I'm developing a sneaking admiration for the CERN scheme (scan the
directory for files with the given name as a prefix; do type
discrimination among those by suffix as usual) --- the overhead is a
little more than I'd like, but I don't *think* it'll turn out to be
prohibitive. Besides, I still don't have any better ideas.

Somehow, that didn't come out right. Must be the #$@!$ flu.

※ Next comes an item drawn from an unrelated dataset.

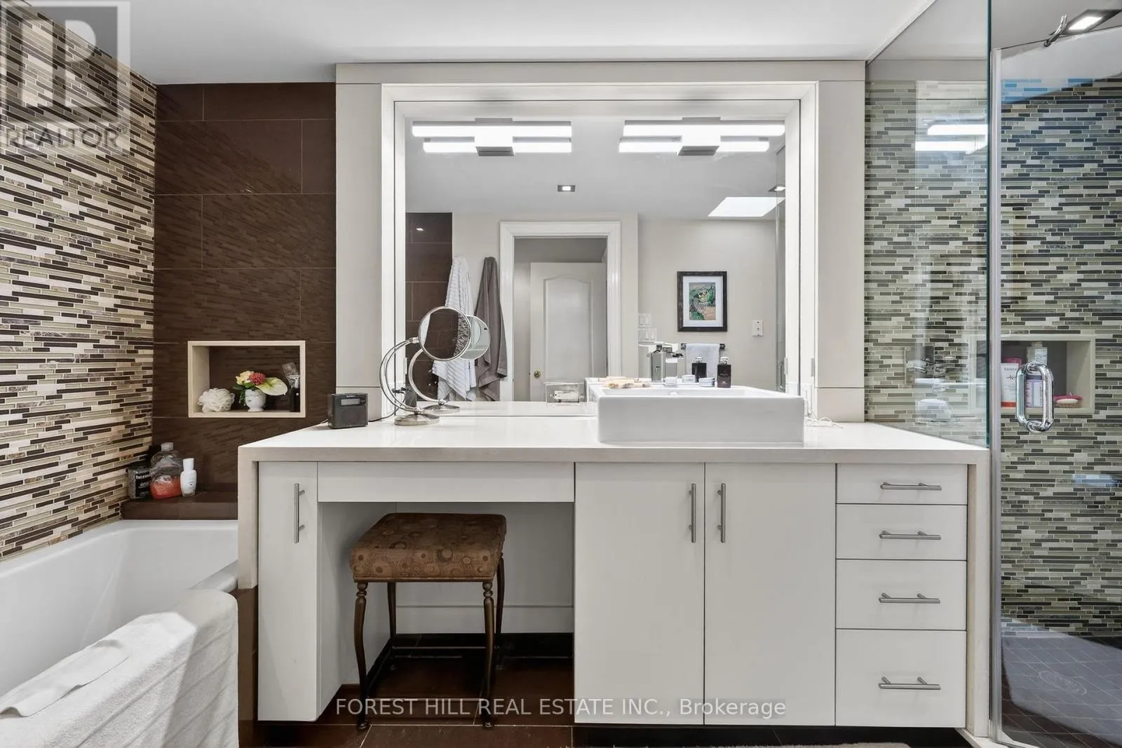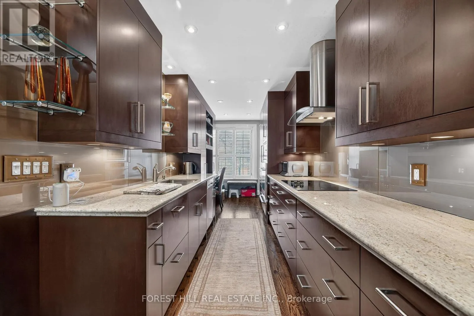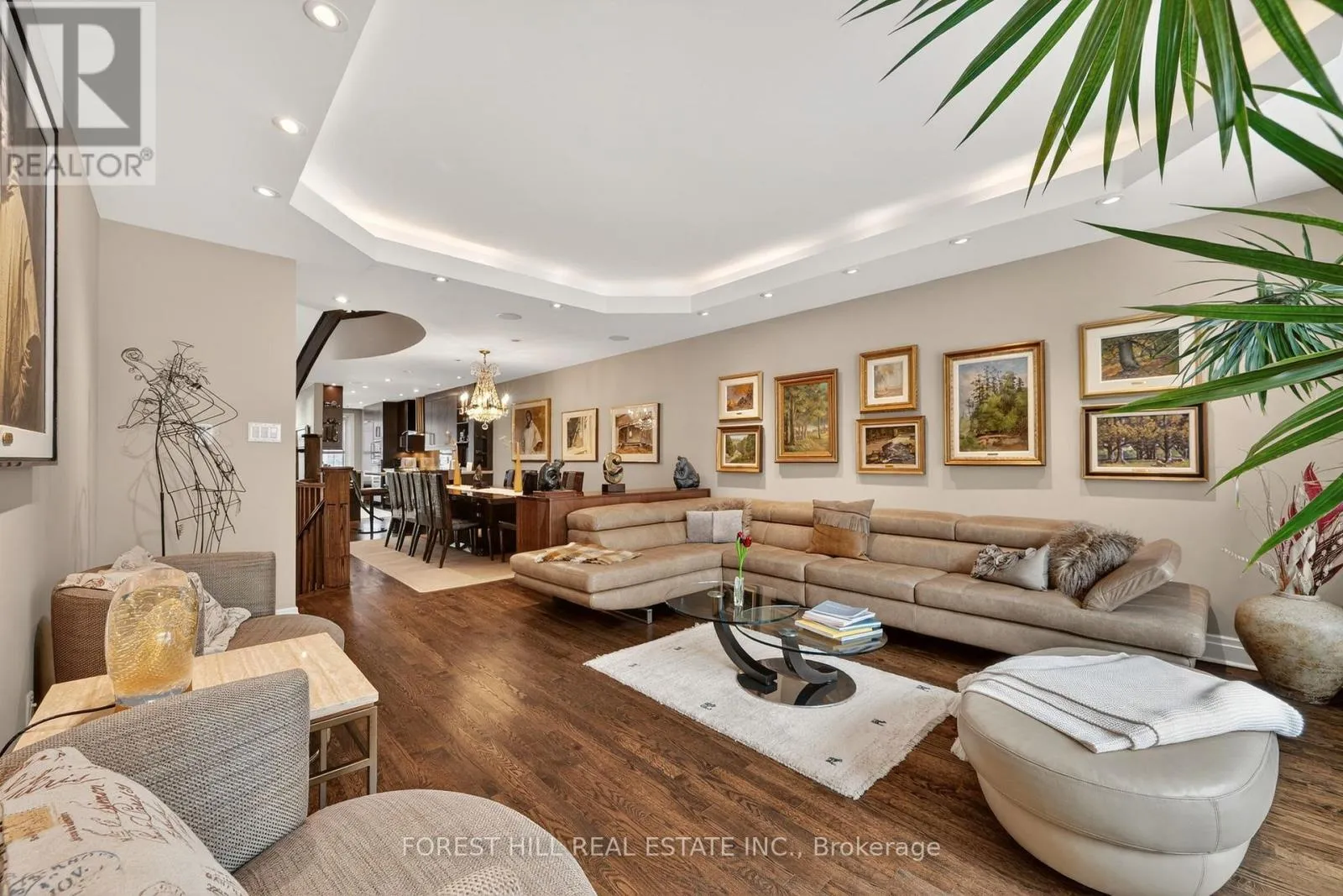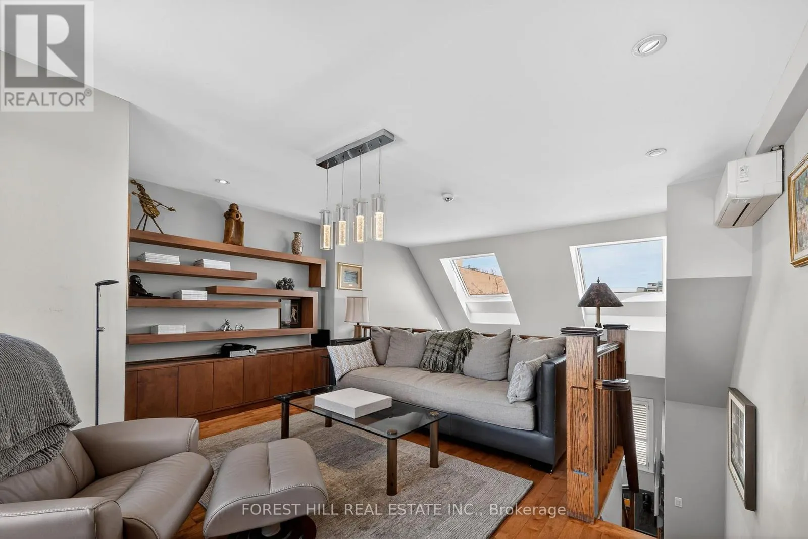 Spadina/Davenport Welcome to 252 Spadina Road, a fully updated freehold 3+1 bedroom, 5 bathroom townhome in prestigious Castle Hill at the foot of Casa Loma. Offering over 3,400 sq ft of finished living space across four levels, this exceptional residence blends timeless architecture with refined contemporary design. Overlooking Casa Loma, this move-in-ready home delivers rare scale and sophistication in one of Toronto's most iconic neighbourhoods.The main level showcases soaring and coffered ceilings, crown moulding throughout, wide-plank oak floors, custom built-ins, pot lights, California shutters, and integrated surround sound. The open-concept living and dining areas are designed for elevated entertaining. A custom chef's galley-style kitchen features premium appliances, abundant cabinetry, and a breakfast bar, with a seamless walkout to a private terrace for effortless indoor-outdoor living.A striking panoramic design PVE elevator provides access from the basement to the third floor. The second level offers a spacious family room with wood-burning fireplace and built-ins, a well-sized bedroom, full bath, and convenient second-floor laundry.The third floor features a dramatic two-storey primary retreat with 17-foot ceilings and two skylights. A loft-style upper lounge leads to a private rooftop terrace. The suite includes a spa-inspired ensuite that has a bathtub with a separate shower and his-and-hers walk-in closets with organizers. An additional bedroom with ensuite completes this level.The lower level offers an above-grade bedroom with large windows, full bath, private sauna, pantry, and flexible living space, plus direct access to a spacious two-car garage with ample storage.Freehold with association fee covering landscaping and snow removal. Steps to Dupont Subway Station, Casa Loma, Yorkville, Forest Hill Village, parks, and top private schools including UCC and BSS. (id:27476)

FWIW, it's easier to come up with schemes which have lower overhead
than the CERN scheme --- the gopher meta-file scheme, for instance ---
but I haven't yet seen one which didn't require fairly active
maintenance. (The advantage of the CERN scheme is that you can
install a new form of a document simply by moving a file into place;
the server automatically adapts, so you don't have to recompile any
type-map files to make it notice the new version --- or worry about
version skew between the type maps and the actual file system).

One idea I was toying with was to have /some/multi-typed/page be
represented in the filesystem as a *directory* which would contain
*files* named html, html3, txt, or whatever. However, this doesn't
save many cycles over the CERN scheme (the server has to scan smaller
directories, but a lot of the overhead of the scan is in opendir()
itself), and it seems to conflict with automagic directory indexing
--- the latter being a definite stumbling block.

rst
Re: Content Negotiation [ In reply to ]
On Sun, 5 Mar 1995, Rob Hartill wrote:
> > Yes - There should be a fourth line, "Accept: text/x-html3" like Arena
> > does, or "Accept: text/html; version=3.0" like the MIME folks would like.
> > That way I can tell when someone hits my home page whether I should send
> > them the HTML 2.0 version of my home page or the HTML 3.0 version without
> > keeping around a big table of browser USER_AGENTS and their capabilities.
>
> Fairy nuff. Not so much a bug, more of an oversight.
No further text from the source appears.